> [Data shown]
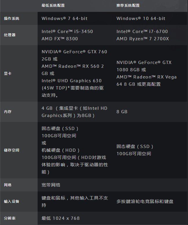 1.处理器最低要求为I5-3450,显卡最低要求GTX760或者RX560系列。
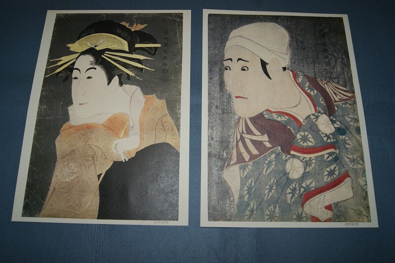 - B73★復刻版*浮世絵2枚「三代目・八代目森田勘弥*松本米三郎」東洲斎 写楽・印刷物/読売新聞額絵
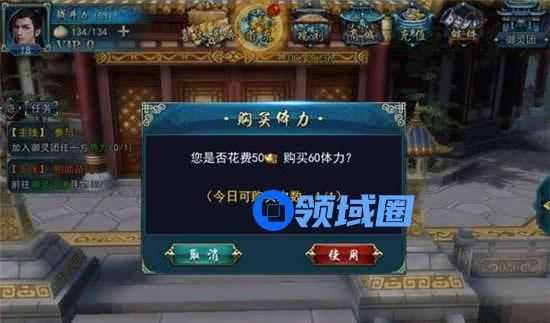 玩家们可以点击体力值附近“+”的符号,然后系统就会自动弹出用元宝购买体力的页面了,普通玩家每天只可以购买1次。VIP玩家随着VIP等级提升,购买体力的次数也会提升。
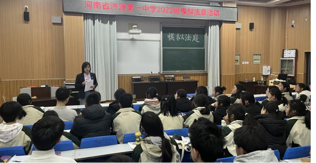 来源:河南朗齐律师事务所 作者:张律师 时间:2024-10-092024年2月29日晚上6:40,一场别开生面的模拟法庭活动在济源市第一中学进行。
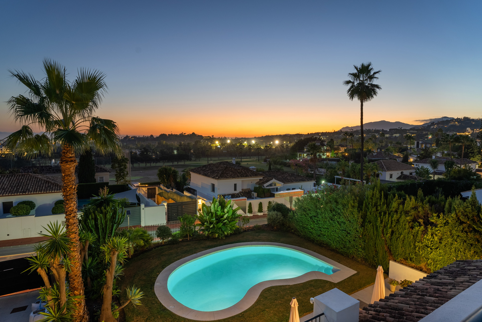 Descubra esta impresionante villa de estilo escandinavo en el corazón de Nueva Andalucía, a solo 300 metros del campo de golf Los Naranjos. El luminoso salón-comedor cuenta con techos altos, ventanas de suelo a techo, una acogedora chimenea y una elegante cocina de chef con electrodomésticos Miele. La planta principal incluye dos dormitorios dobles, un dormitorio individual y modernos baños con calefacción por suelo radiante. En la planta superior, la suite principal cuenta con vestidor, baño de lujo, terraza privada y acceso a una azotea panorámica.
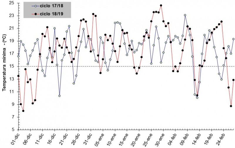 El promedio de la temperatura mínima en el trimestre diciembre – enero – febrero fue el mismo para ambos ciclos productivos y se ubicó en 17,7 ºC.
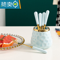 敬平创意可爱不锈钢水果叉套装家用甜品叉陶瓷收纳罐儿童叉子月饼叉子 浅蓝色收纳4叉+2勺+304挖球牙签
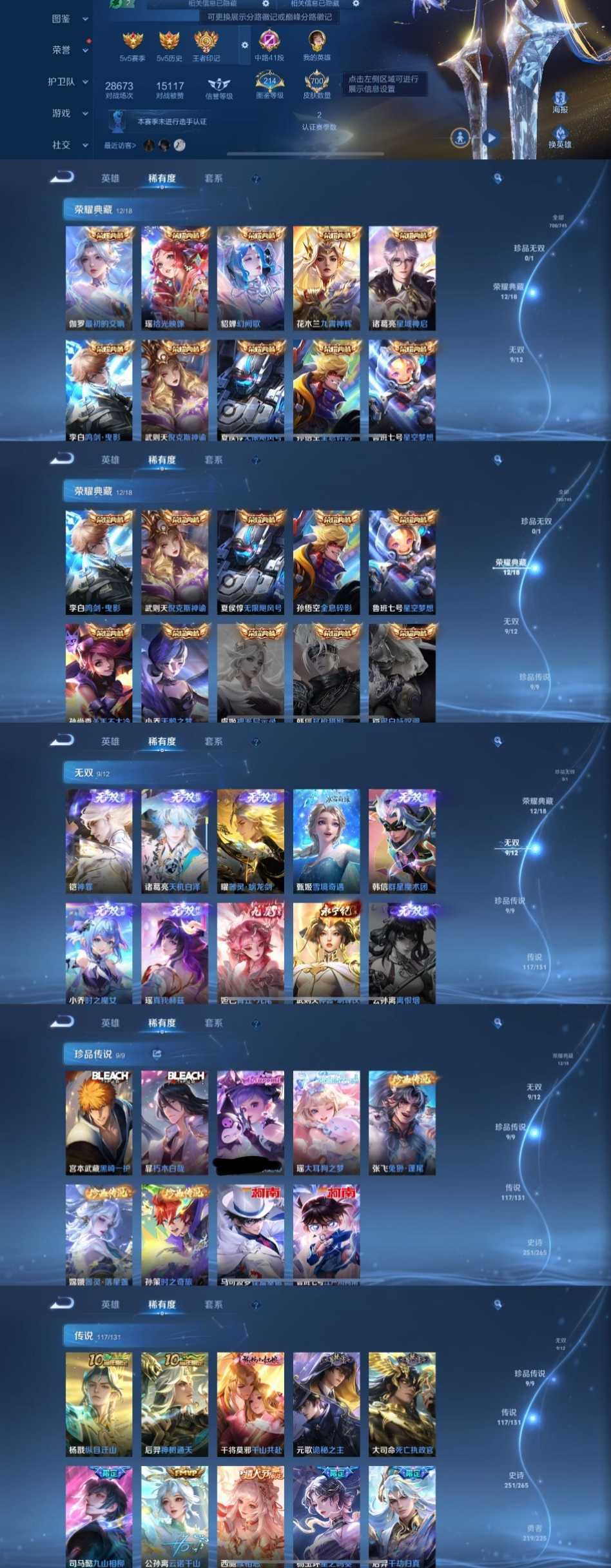 限制: 租号5次及以上 | 撤单率<49%才可租用此帐号装备描述:时间到了还登录白玩或者顶号全部改密拉黑处理永不解除,顶号机器会秒禁玩改密,顶号不仅拉黑还没得玩,赚三两块不容易,请理解谢谢。 ❤❤❤❤❤❤❤❤❤❤❤❤❤❤❤ 请勿开挂,挂机,送头,骂人,撤单后游戏等如有违规永久拉黑永不解除。 重置二级密码不要费劲了,号主每天都会上号查看,多行不义必自毙,人在做天在看,多做好事多自律,少做缺德事。 该号英雄128个皮肤700个,典藏13个,无双9个,珍品传说9个,星传说8个,传说119个,史诗251个,祝你游戏愉快~
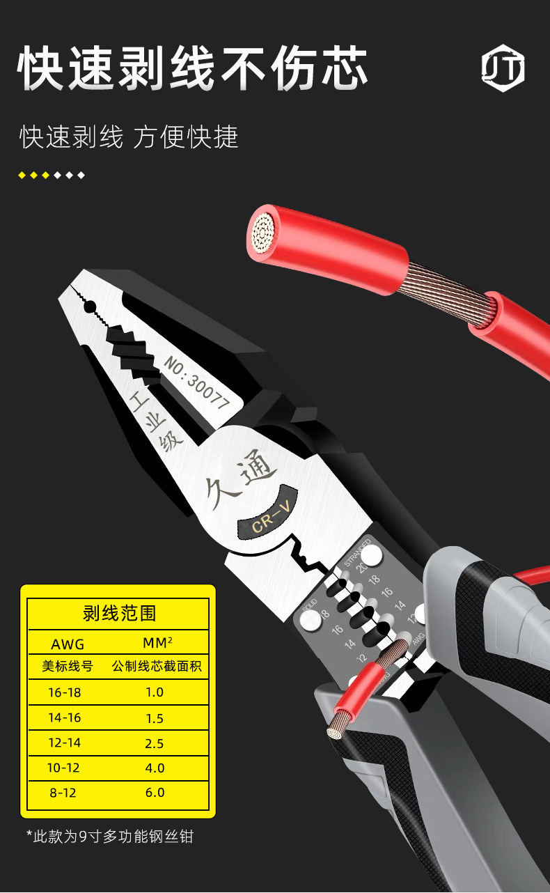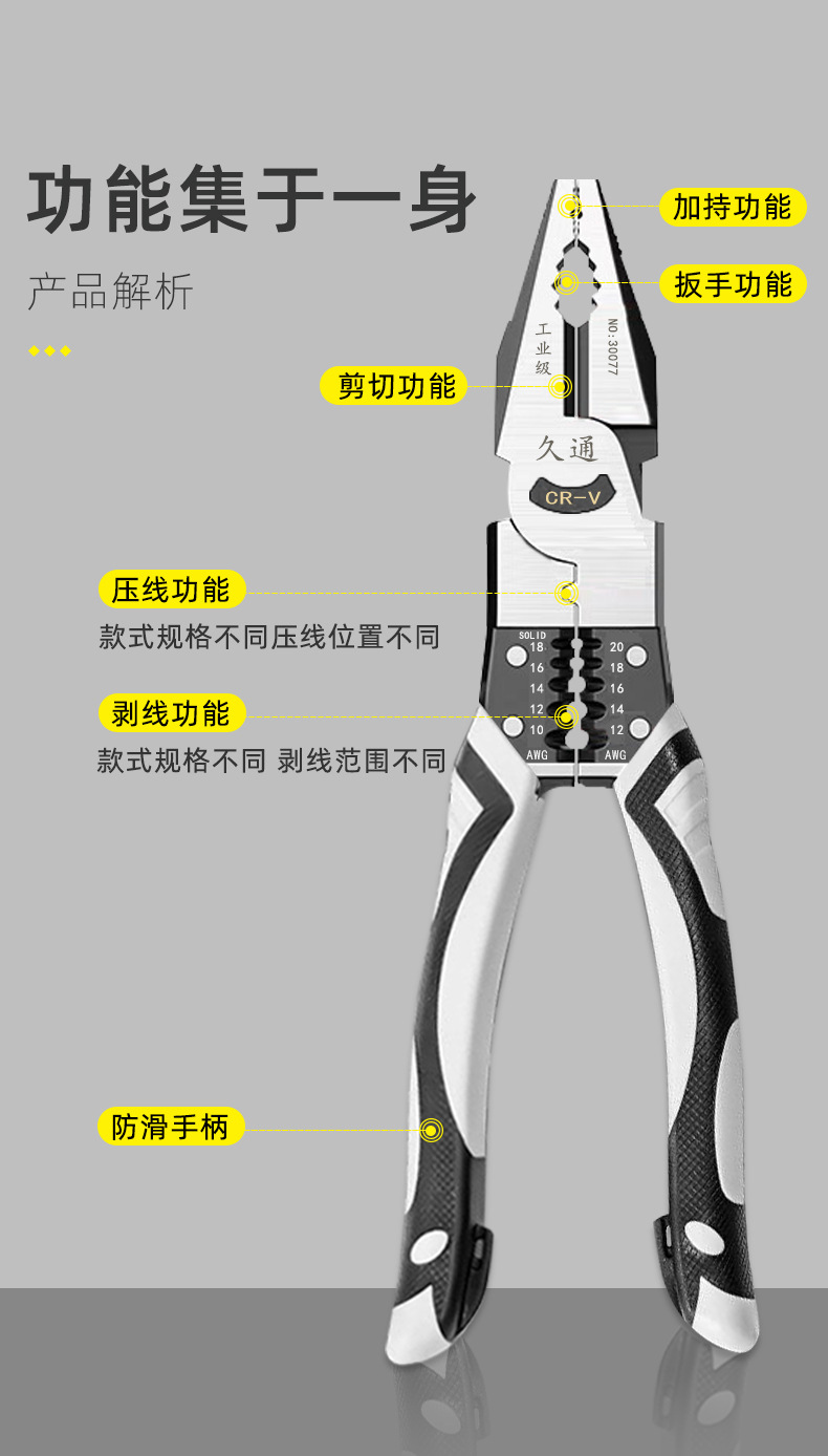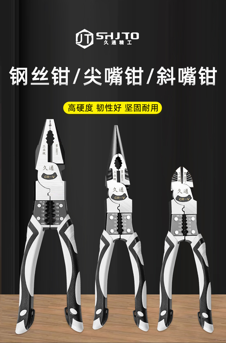 Alicates multifunción de venta caliente, alicates de alambre pelable, alicates de punta fina, alicates diagonales, herramientas de hardware
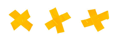 Yellow duct tape cross set. Realistic yellow adhesive tape cross for fixing isolated on white background. Adhesive cross. Realistic 3d vector illustration.
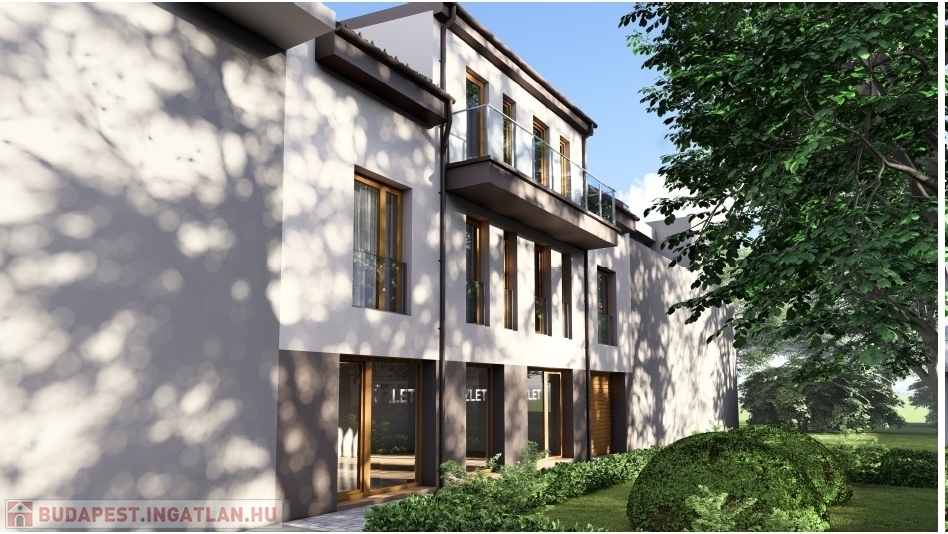 A földszinti lakás: 45 m2 + teraszkapcsolat, 1 szoba + nappalis elosztással. Egyedi gázfűtés, padló fűtés. Ára: 54.900.000 Ft
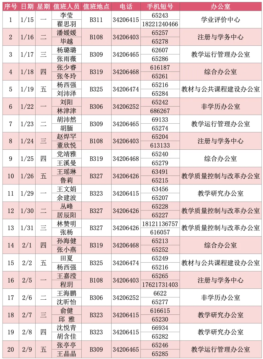 为方便全校师生寒假期间办理相关业务,现将教务处2024年寒假期间值班工作安排如下:
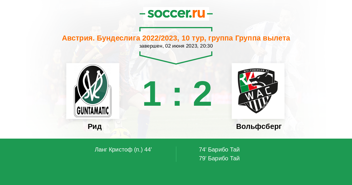 Австрия. Бундеслига 01.04.2023 Вольфсберг Логотип футбольный клуб Вольфсберг 1:0 Логотип футбольный клуб Рид Рид
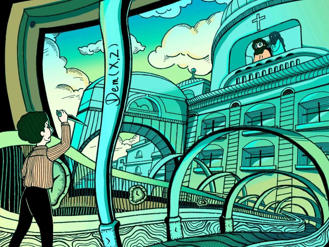 插画之外,一名男子对着画作中正在理发的理发师举起了刀,但实际上我们无法分辨出持刀男子是在画中还是画外,即男子的存在性在这个系统中无法证明为真,也不能被证明为伪。
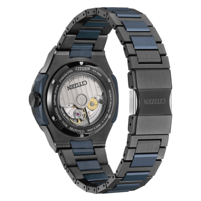 Featuring a black and blue two-tone stainless steel case with a bi-directional bezel, the 41mm model highlights the best of Citizen’s creative watchmaking and finishing techniques.
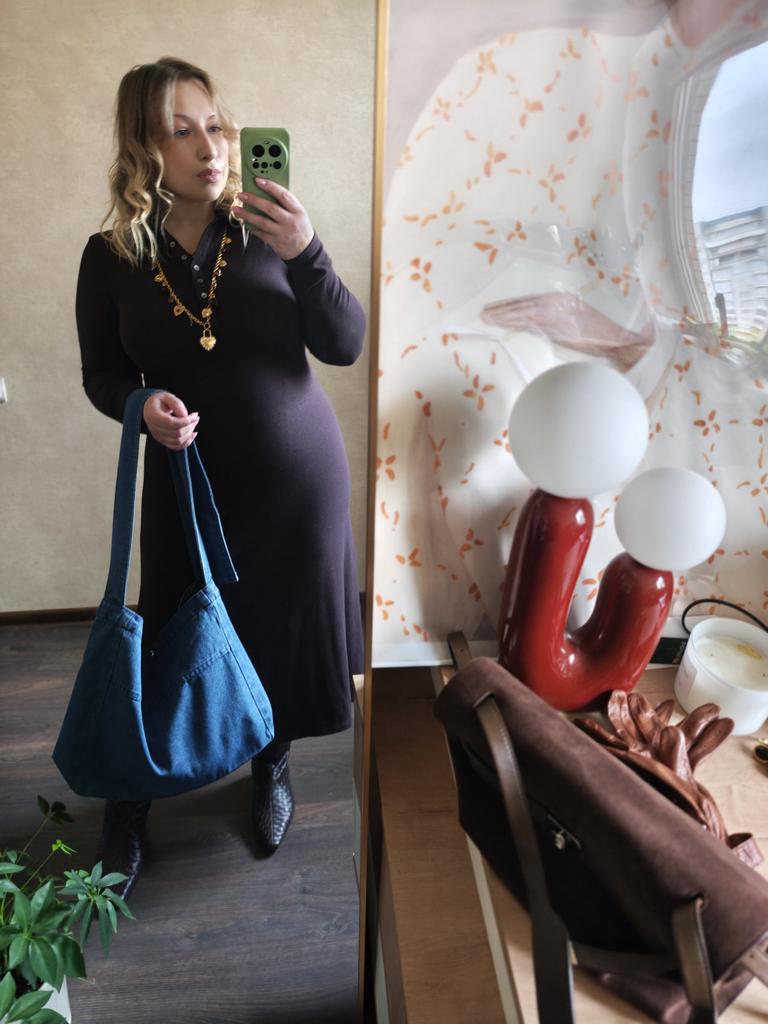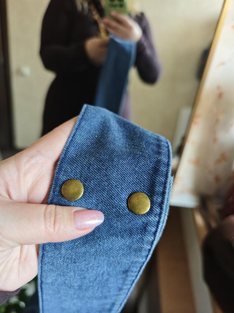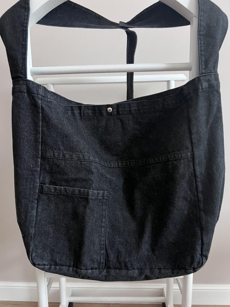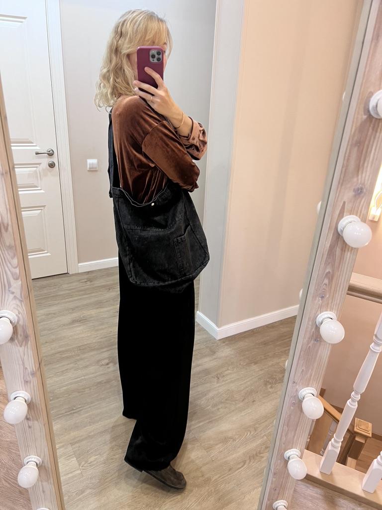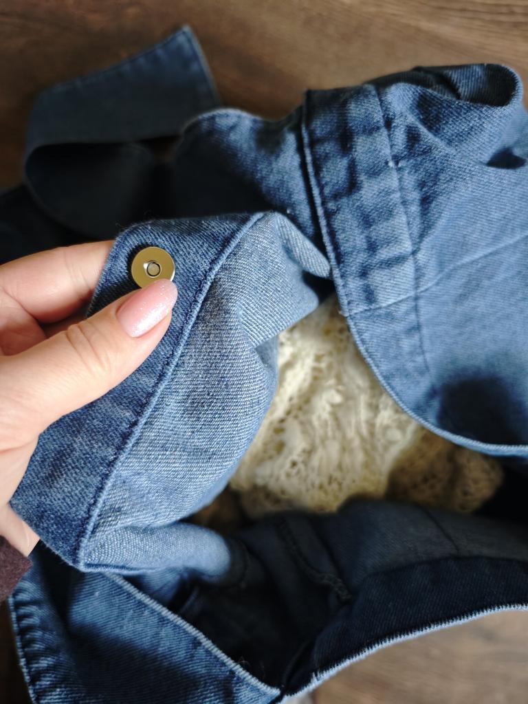 Denim shopper bag. There are two colors in the link - like mine and blue. The bag is made of denim fabric. There is a wide shoulder strap with snaps. Inside the product is unlined, one compartment. There is one pocket on the outside. Button closure. Denim of good density, durable. Shoulder strap, comfortable. A lot of things can fit. That's exactly the kind of bag I needed. So, bagπ€
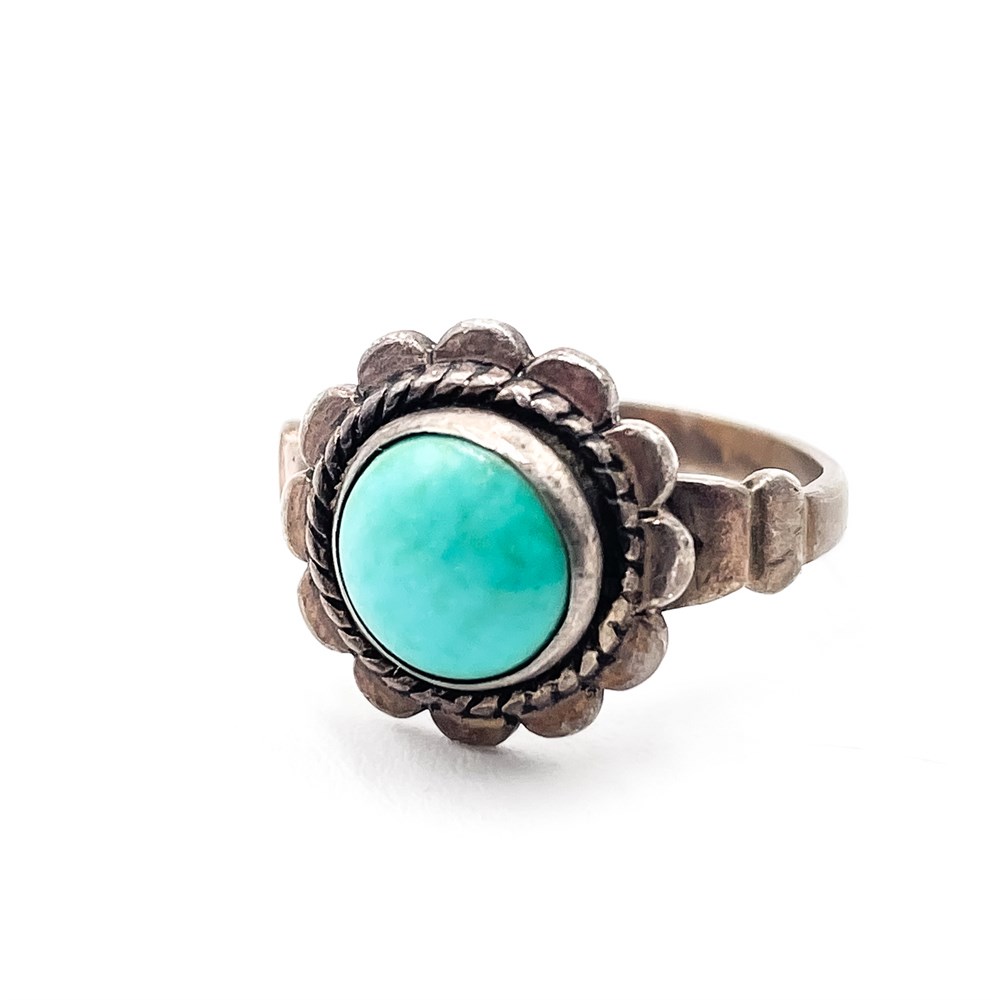 A vintage sterling silver turquoise flower or cluster-style ring, created in the Native American Southwestern tradition. The prominent feature is the round turquoise stone set in a smooth or sawtooth-style bezel. Surrounding the central stone is a scalloped edge with grooved tips, which resembles flower petals or sunbursts. A twisted silver rope border accents the base of the bezel. The band of the ring has decorative, hand-stamped or cast details on its shoulders. Size: 6 good condition.
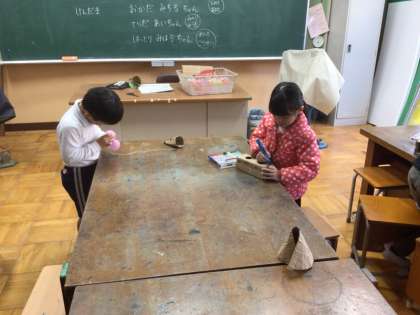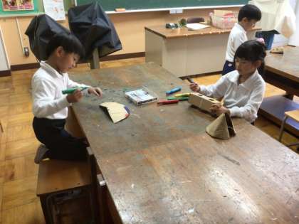 1年生は、図工室で、新1年生に渡すプレゼントを作っていました。箱に色を塗ったり、玉にひもを通したり、コーンの形に曲げていたり。真剣さが伝わってきました。

> [What to do]
Start at the line above containing "A földszinti lakás: 45" and stop at the line containing "Denim shopper bag.": print those lines and everything between them exactly, but not the pictures.

> [Problem solution]
 A földszinti lakás: 45 m2 + teraszkapcsolat, 1 szoba + nappalis elosztással. Egyedi gázfűtés, padló fűtés. Ára: 54.900.000 Ft
 为方便全校师生寒假期间办理相关业务,现将教务处2024年寒假期间值班工作安排如下:
 Австрия. Бундеслига 01.04.2023 Вольфсберг Логотип футбольный клуб Вольфсберг 1:0 Логотип футбольный клуб Рид Рид
 插画之外,一名男子对着画作中正在理发的理发师举起了刀,但实际上我们无法分辨出持刀男子是在画中还是画外,即男子的存在性在这个系统中无法证明为真,也不能被证明为伪。
 Featuring a black and blue two-tone stainless steel case with a bi-directional bezel, the 41mm model highlights the best of Citizen’s creative watchmaking and finishing techniques.
 Denim shopper bag. There are two colors in the link - like mine and blue. The bag is made of denim fabric. There is a wide shoulder strap with snaps. Inside the product is unlined, one compartment. There is one pocket on the outside. Button closure. Denim of good density, durable. Shoulder strap, comfortable. A lot of things can fit. That's exactly the kind of bag I needed. So, bagπ€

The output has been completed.